_Requirement:_
Set down the data below from its first line to the line holding "Golf Club Covers", inclusive; omit all pictures.

_Information shown:_
══════════════════════════════

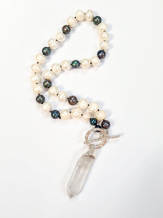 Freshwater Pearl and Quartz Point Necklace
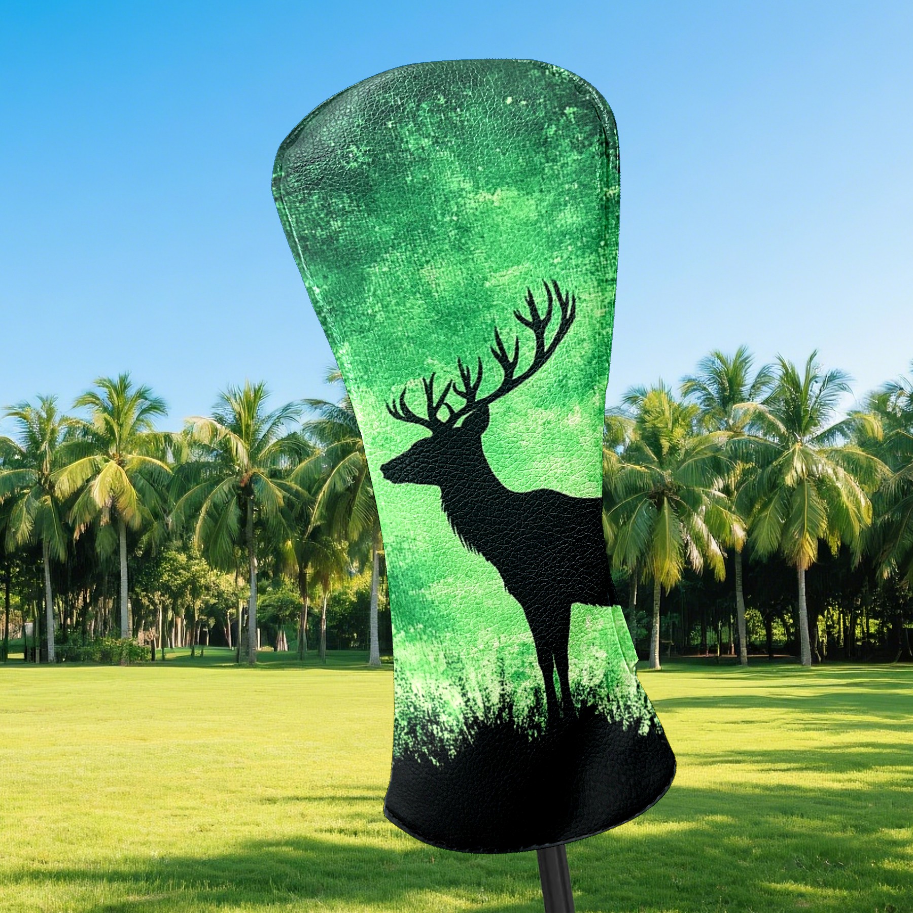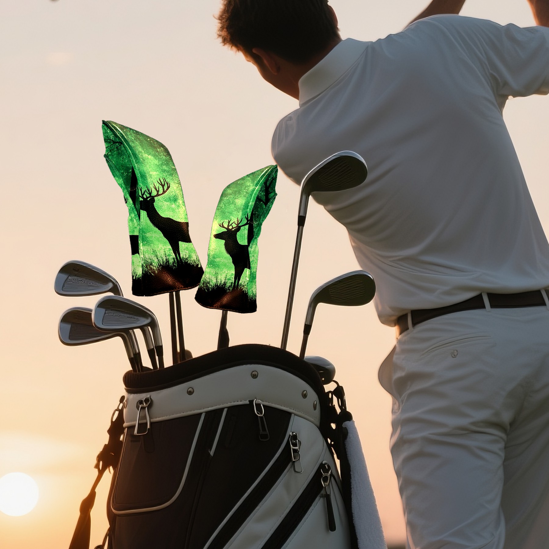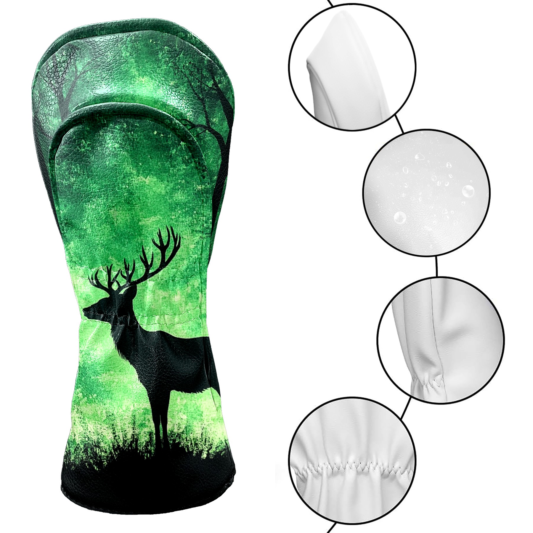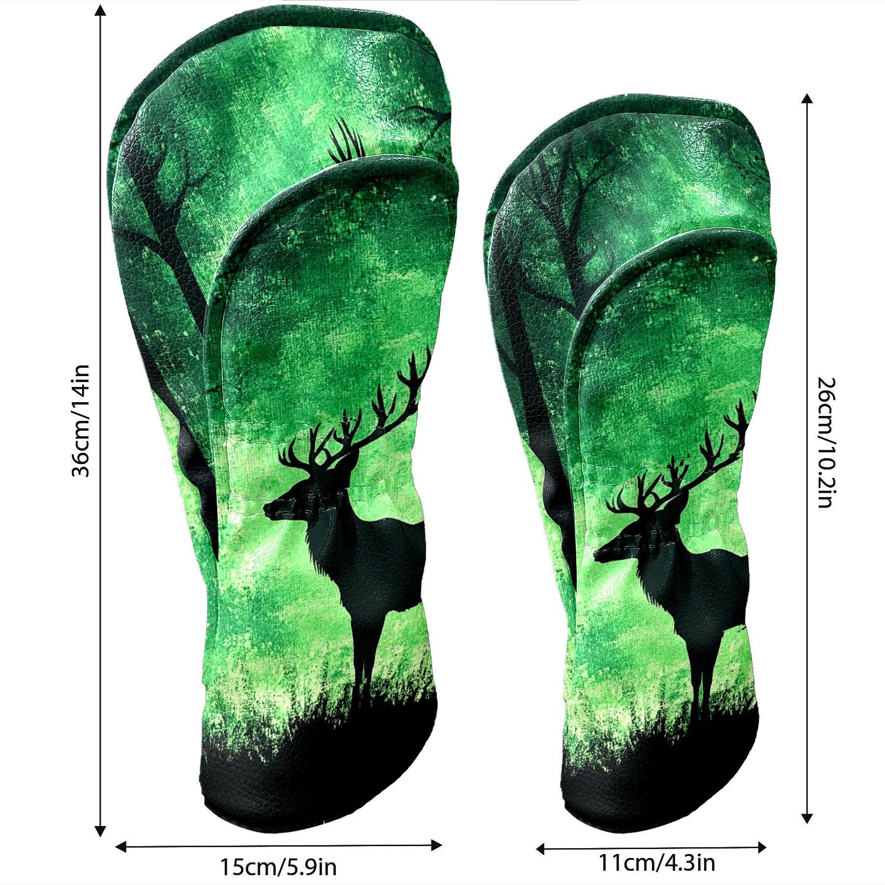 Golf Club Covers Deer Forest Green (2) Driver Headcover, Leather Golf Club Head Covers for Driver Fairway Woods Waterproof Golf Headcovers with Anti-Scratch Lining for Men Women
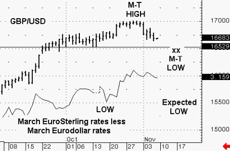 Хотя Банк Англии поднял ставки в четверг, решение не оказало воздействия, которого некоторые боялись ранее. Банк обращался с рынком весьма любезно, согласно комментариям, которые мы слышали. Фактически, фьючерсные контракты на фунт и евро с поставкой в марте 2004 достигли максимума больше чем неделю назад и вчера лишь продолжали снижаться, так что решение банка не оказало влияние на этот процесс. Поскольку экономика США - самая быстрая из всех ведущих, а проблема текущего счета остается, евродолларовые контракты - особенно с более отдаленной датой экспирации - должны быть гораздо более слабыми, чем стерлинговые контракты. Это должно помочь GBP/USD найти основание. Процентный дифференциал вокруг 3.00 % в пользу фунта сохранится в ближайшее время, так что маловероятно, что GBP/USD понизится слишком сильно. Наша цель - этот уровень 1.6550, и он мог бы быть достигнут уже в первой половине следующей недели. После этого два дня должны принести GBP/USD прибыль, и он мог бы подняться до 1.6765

══════════════════════════════

_Solution for this problem:_
 Freshwater Pearl and Quartz Point Necklace
 Golf Club Covers Deer Forest Green (2) Driver Headcover, Leather Golf Club Head Covers for Driver Fairway Woods Waterproof Golf Headcovers with Anti-Scratch Lining for Men Women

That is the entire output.